The present study identified that the expression level of miR-133a was markedly decreased in colorectal cancer tissues and cells, when compared with paired adjacent tissues. However, FSCN1, a direct target of miR-133a, was markedly upregulated in colorectal cancer tissues. Furthermore, FSCN1 expression was negatively modulated by miR-133a at a post-transcriptional level in colorectal cancer cells. Thus, this investigation into the molecular mechanism of colorectal cancer cell invasion revealed that miR-133a may, at least partially, inhibit colorectal cancer cell invasion via FSCN1 inhibition.

It is well-established that the deregulation of miRNAs contributes to various types of human cancer (17). For example, the loss of miR-133a expression was associated with lymph node metastasis, high clinical stage and a shorter relapse-free survival period in breast cancer patients (18). In the present study, the expression level of miR-133a was remarkably reduced in colorectal cancer tissues compared with paired normal adjacent tissues. Furthermore, miR-133a was downregulated in colorectal cancer cell lines compared with normal intestinal epithelium NCM460 cells. This downregulation of miR-133a expression in colorectal cancer tissues has previously been reported; for example, Arndt et al (19), performed mirVana™ miRNA Bioarrays to examine the miR-133a expression profile in eight colorectal cancer cell lines, 45 human colorectal cancer samples of different stages and four paired normal colorectal tissue samples. It was identified that loss of miR-133a was associated with colorectal cancer progression. Additionally, Sarver et al (20) proposed that miR-133a was downregulated in colorectal cancer tissues and, recently, Dong et al (21) reported that miR-133a was notably downregulated in primary colorectal cancer tissues compared with paired adjacent normal tissues. Furthermore, ectopic expression of miR-133a significantly inhibited colorectal cancer cell growth in vitro and in vivo, possibly by inducing G0/G1-phase arrest. Thus, deregulation of miR-133a appears to be involved in the development and progression of colorectal cancer. However, the specific role of miR-133a in the regulation of colorectal cancer cell invasion remains unclear.

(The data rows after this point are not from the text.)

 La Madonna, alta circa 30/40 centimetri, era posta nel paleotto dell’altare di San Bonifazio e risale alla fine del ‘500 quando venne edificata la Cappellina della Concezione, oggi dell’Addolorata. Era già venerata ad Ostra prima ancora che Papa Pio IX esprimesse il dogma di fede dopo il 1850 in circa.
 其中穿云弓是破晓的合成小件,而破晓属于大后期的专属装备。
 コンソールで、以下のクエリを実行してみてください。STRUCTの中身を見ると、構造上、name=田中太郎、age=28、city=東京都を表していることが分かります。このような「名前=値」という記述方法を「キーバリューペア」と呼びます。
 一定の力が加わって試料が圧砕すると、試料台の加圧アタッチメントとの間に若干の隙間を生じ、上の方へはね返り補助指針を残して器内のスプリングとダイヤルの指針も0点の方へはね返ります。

FSCN1 has been demonstrated to act as an oncogene, and its expression level was significantly upregulated in various types of cancer, including ovarian carcinoma (22), gastric cancer (23) and colorectal cancer (24). Furthermore, upregulation of FSCN1 was proposed as a mechanism of epithelial to mesenchymal progression in cancer, conferring specific invasive properties on cancer cells (25). Previously, the association between miR-133a and FSCN1 has been reported in a number of other cancers, including bladder cancer (26), breast cancer (18) and esophageal squamous cell carcinoma (27). For example, it was reported that miR-133a repressed the mRNA and protein expression of FSCN1 in bladder cancer (26), as well as targeting the expression of FSCN1, and suppressing tumor cell invasion and migration in breast cancer (18). Additionally, it was demonstrated that miR-133a acts as a key tumor-suppressive miRNA to directly inhibit the expression of FSCN1 in esophageal squamous cell carcinoma (27). However, the specific roles of miR-133a and FSCN1, as well as their association in colorectal cancer, remain to be investigated. The present study determined that miR-133a regulates the protein expression levels of FSCN1 by directly targeting the 3′-UTR of FSCN1 mRNA in colorectal cancer SW480 cells. By performing gain of function assays, miR-133a overexpression was identified to significantly inhibit cell invasion in colorectal cancer SW480 cells, similar to the effect of FSCN1 downregulation. Furthermore, FSCN1 overexpression reversed the inhibitory effect of miR-133a upregulation on SW480 cell invasion, clarifying that FSCN1 acts as a downstream effecter of miR-133a in SW480 cells.

In conclusion, miR-133a was identified to exhibit an at least partial inhibitory effect on colorectal cancer cell invasion via the suppression of FSCN1 protein expression, which was identified as a direct target of miR-133a. Thus, the present study proposes that FSCN1 may serve as a promising therapeutic target for colorectal cancer metastasis. Future research should focus on in vivo studies to further understand the role of the miR-133a/FSCN1 axis in colorectal cancer growth and metastasis.